The SIGMORPHON 2022 Shared Task on Morpheme Segmentation
Khuyagbaatar Batsuren, G\'abor Bella, Aryaman Arora, Viktor, Martinovi\'c, Kyle Gorman, Zden\v{e}k \v{Z}abokrtsk\'y, Amarsanaa Ganbold,, \v{S}\'arka Dohnalov\'a, Magda \v{S}ev\v{c}\'ikov\'a, Kate\v{r}ina, Pelegrinov\'a, Fausto Giunchiglia, Ryan Cotterell, Ekaterina Vylomova

TL;DR
The SIGMORPHON 2022 shared task evaluated systems on morpheme segmentation across multiple languages and tasks, achieving high accuracy and outperforming existing subword tokenization methods, with resources openly shared for future research.
Contribution
This paper introduces a comprehensive shared task on morpheme segmentation, providing new benchmarks, datasets, and evaluation results across diverse languages and morphological phenomena.
Findings
Best system achieved 97.29% F1 score in word-level segmentation.
Systems outperformed state-of-the-art subword tokenization methods by 30.71%.

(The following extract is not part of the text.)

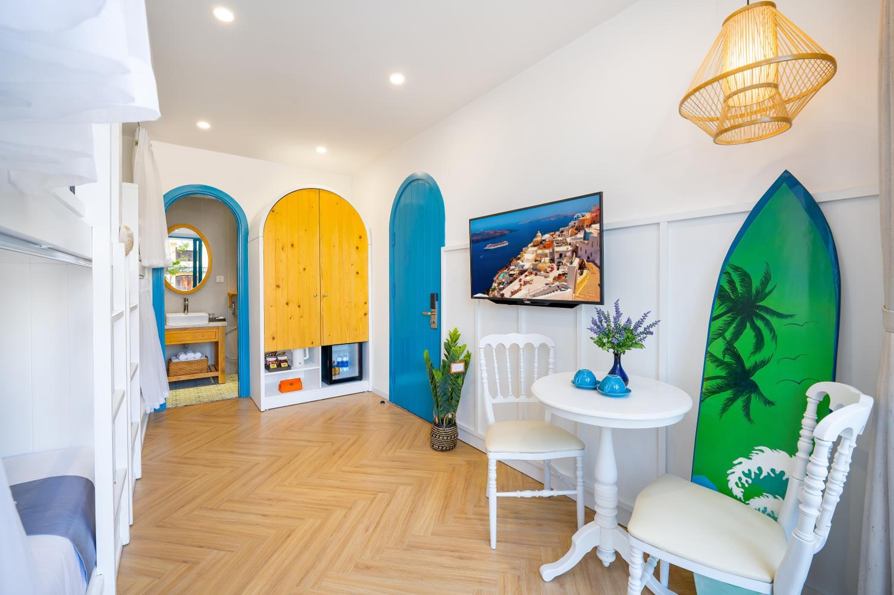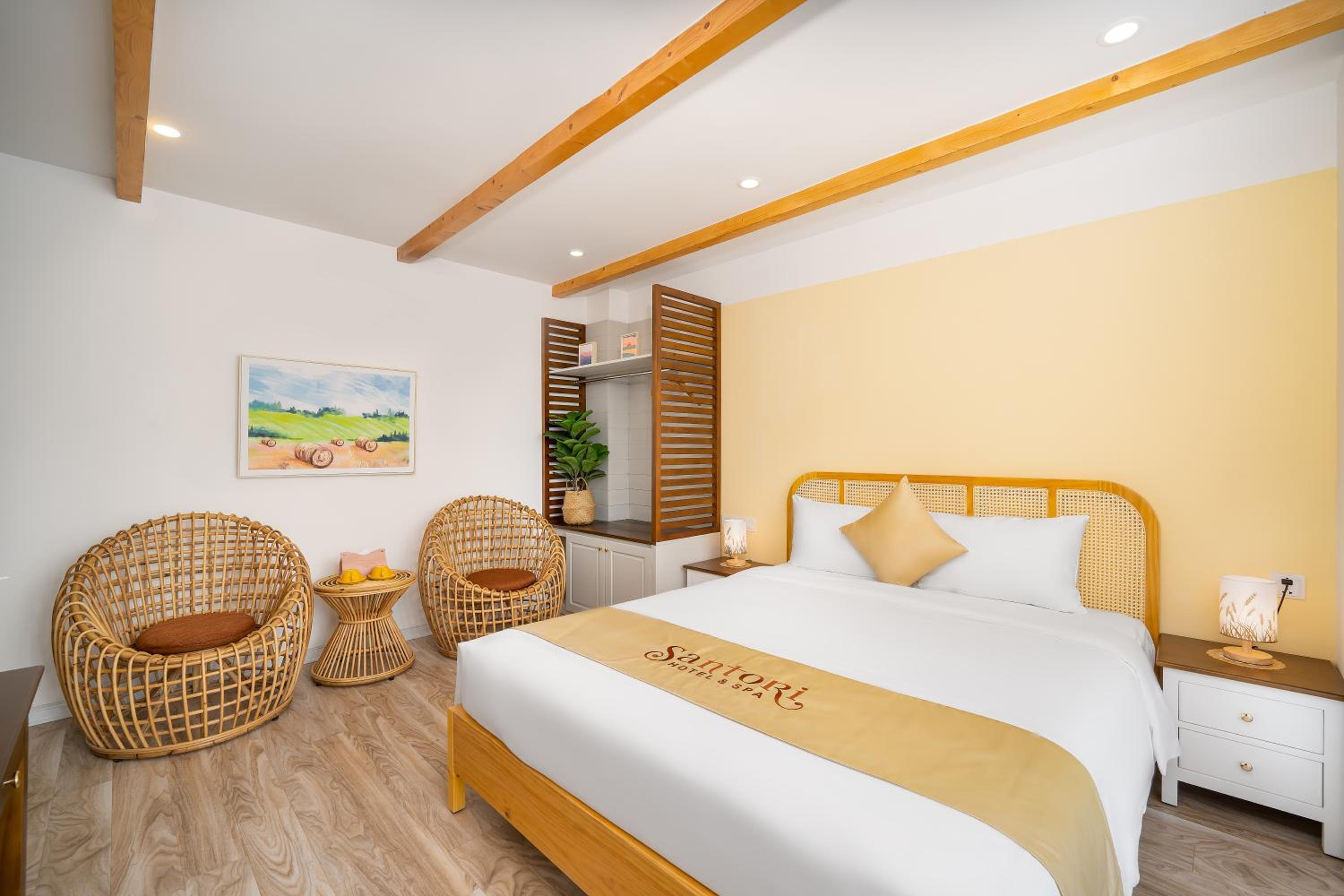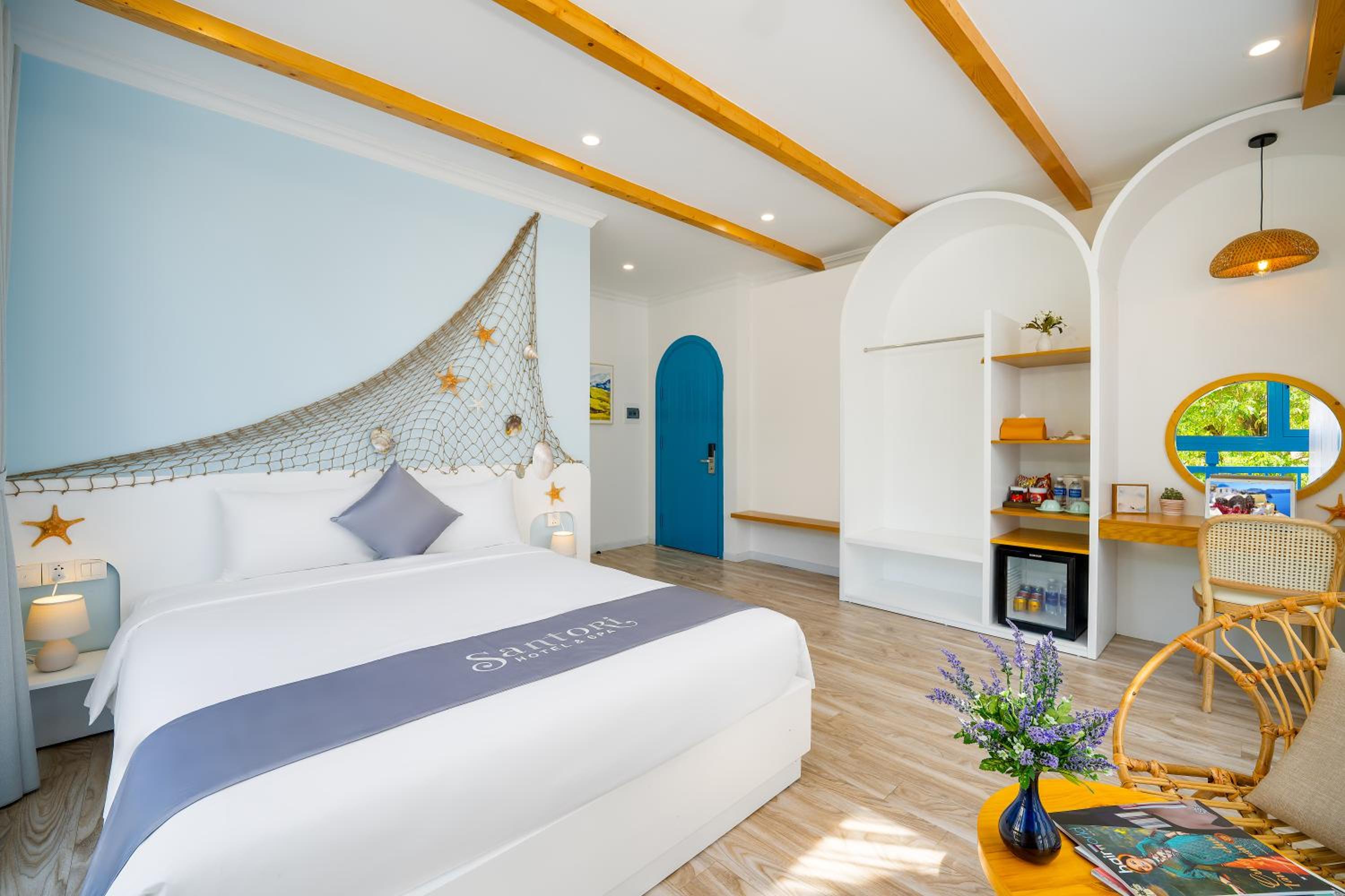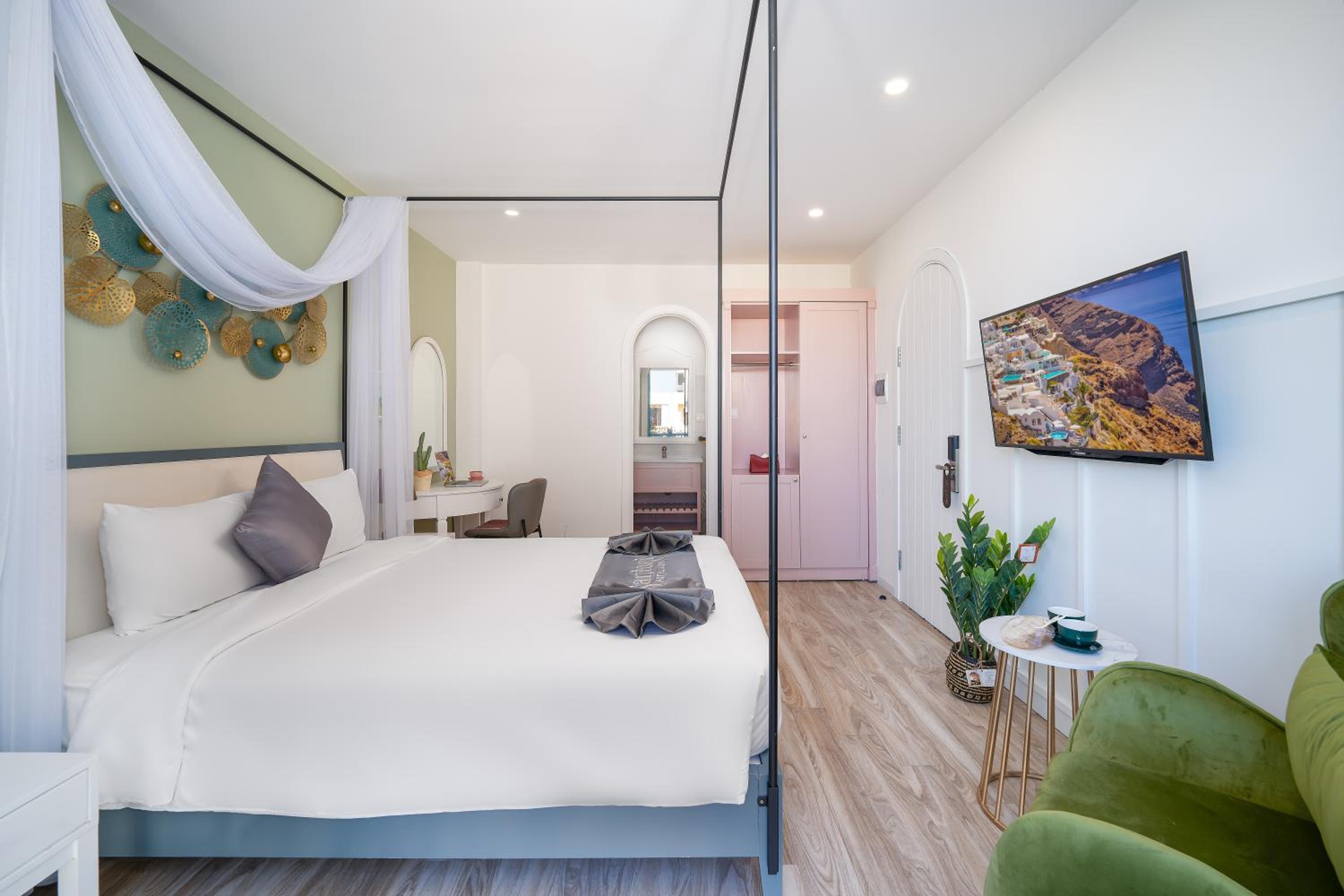 Experience comfort and style at Santori Hotel And Spa, located just 2.1 km from the beautiful My Khe Beach. Indulge in our well-equipped rooms featuring modern amenities like air conditioning, flat-screen TVs, and free WiFi. Some rooms even offer stunning city views from a private balcony.

Resources and datasets are publicly released for future research.
Abstract
The SIGMORPHON 2022 shared task on morpheme segmentation challenged systems to decompose a word into a sequence of morphemes and covered most types of morphology: compounds, derivations, and inflections. Subtask 1, word-level morpheme segmentation, covered 5 million words in 9 languages (Czech, English, Spanish, Hungarian, French, Italian, Russian, Latin, Mongolian) and received 13 system submissions from 7 teams and the best system averaged 97.29% F1 score across all languages, ranging English (93.84%) to Latin (99.38%). Subtask 2, sentence-level morpheme segmentation, covered 18,735 sentences in 3 languages (Czech, English, Mongolian), received 10 system submissions from 3 teams, and the best systems outperformed all three state-of-the-art subword tokenization methods (BPE, ULM, Morfessor2) by 30.71% absolute. To facilitate error analysis and support any type of future studies, we…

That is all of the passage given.